My own Conygar experience was one of the earliest to suggest that things weren’t quite normal at Conygar, and involved the Victorian gothic style games-room that sat in the garden – surrounded by those trees. It had a harmonium in it, along with toy train tracks and ping pong. My cousin would always get to the harmonium (like a reed organ, only British) first after lunch and never let me have a go (hey, I was 8 – this was a big deal). One day, after being sure about beating the evil cousin, I was totally pissed off to arrive only to hear the harmonium playing. So disgruntled that the fact that the door was still locked didn’t register. And then, as the door swung open to reveal the empty games room with the organ notes still dying in the air, I was left standing there absolutely shitting bricks and convinced that my 8-year-old mind had gone mad.

By the time my grandparents had both passed on – although Mr Lee in Po-Sun, the Chinese restaurant, swore my granddad couldn’t be dead because he’d come in for takeaway a couple of weeks after the funeral - the atmosphere in the house was so ominous that no family member ever wanted to be left alone in any of the rooms or the grounds.

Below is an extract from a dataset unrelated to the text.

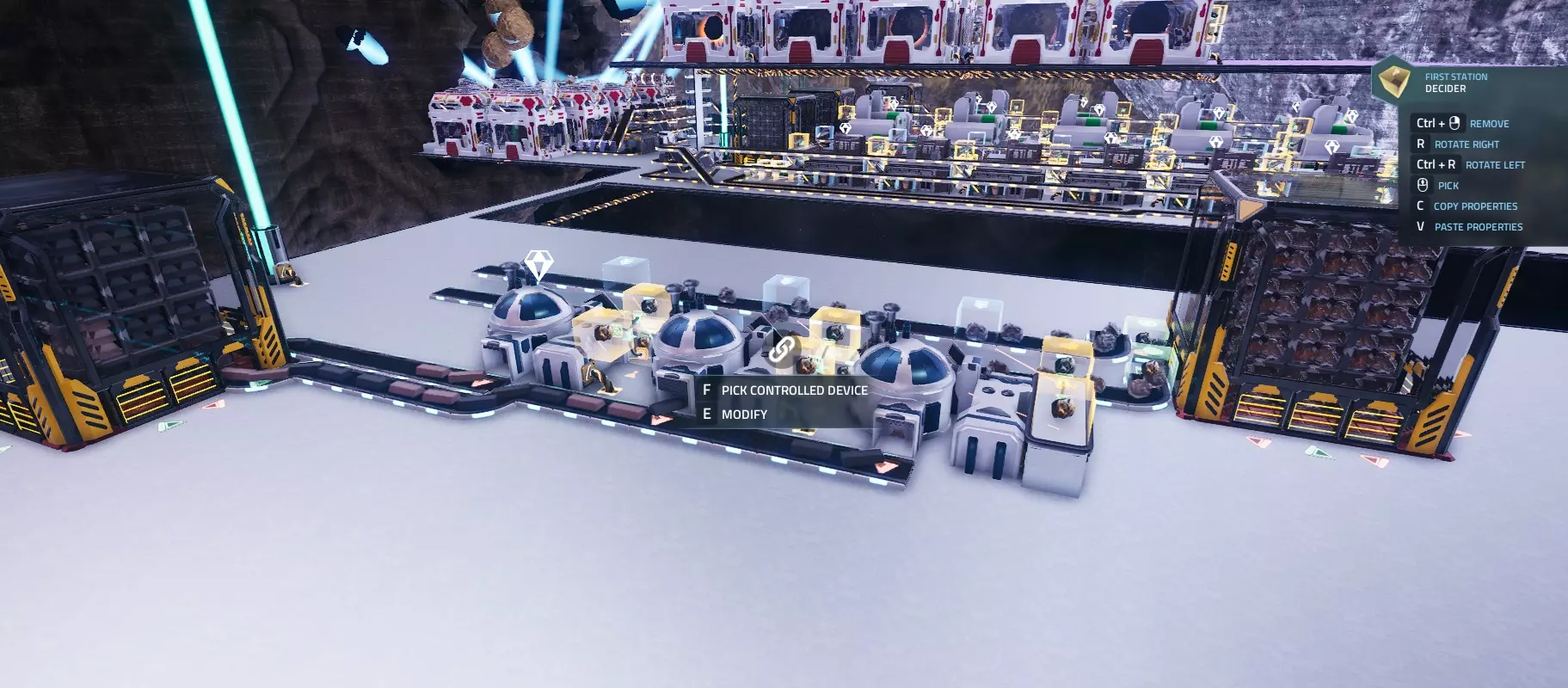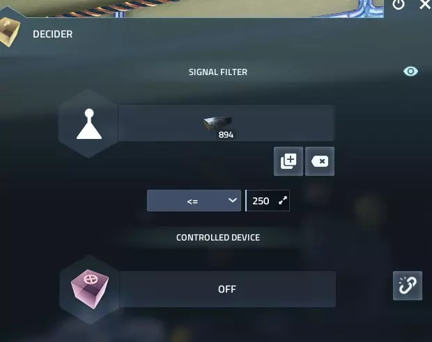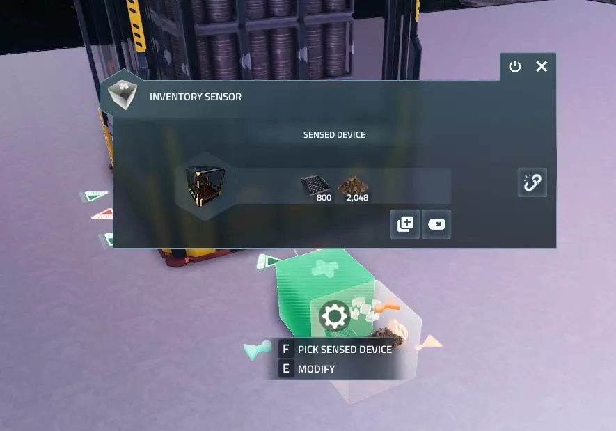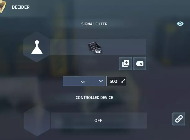 要进行设置,你需要对着库存传感器按E键,然后点击右侧的【选择设备】按钮,再点击你想要从中感应的存储装置或设备。如果选择正确,左侧会显示该建筑的图标。 接着,点击下方的【选择资源】按钮,设置你想要感应的资源。 6. 决策器 由于库存传感器本身不会执行任何操作,所以它通常与决策器配合使用。 要进行设置,你需要用线路将库存传感器和决策器连接起来。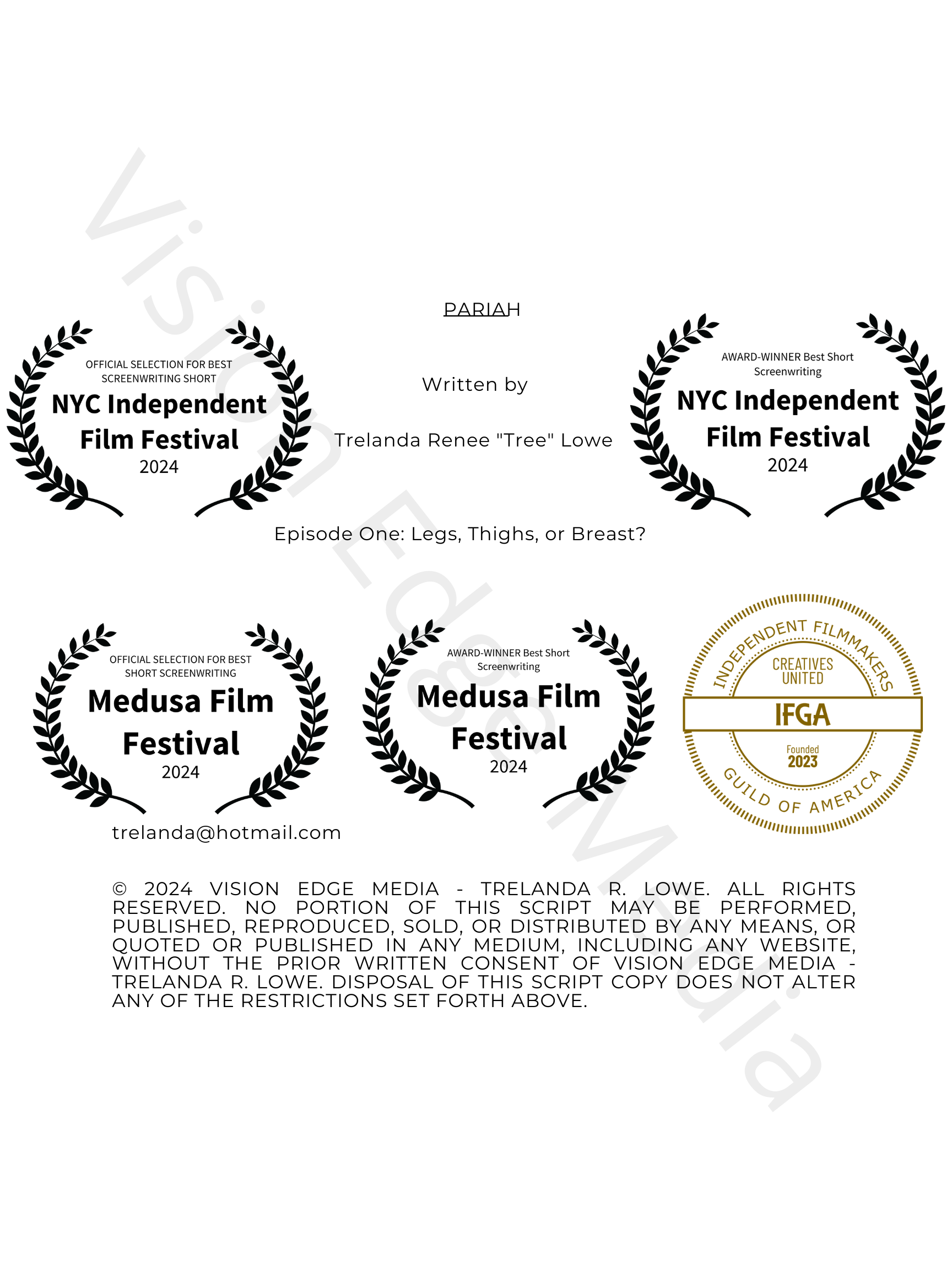 Image Description: A script with laurels all over it. TEXT reads Pariah, Written by Trelanda Renee “Tree” Lowe, Episode One: Legs, Thighs, or Breast. Image Description Two: A film poster displays of a woman’s hidden face and only one eye is exposed. TEXT reads Pariah, Written by Trelanda Renee “Tree” Lowe, and laurels are randomly at the poster’s bottom.

The bathroom was the exception but only because we’d all take turns standing outside the bathroom door keeping up a reassuring commentary. I guess that when we all started to compare notes, we began to realize that what we’d taken as anomalous personal experiences suggested a larger, more ill-omened sweep.

Of course now the innate skeptic in me has downgraded those experiences, and there were other spooky events that I can’t even remember now. Maybe it was the proximity of the pylon – some weird electrical field causing disturbances. Maybe it was mass hysteria, of a particularly low-key English kind. Rationality is a funny thing, but not quite as bizarre as the thought of a whole household of eight people, adults and children, refusing to be alone in any room of a house. And a couple of times we’ve gone back to see the house, which although it has now been substantially remodeled is still damn creepy.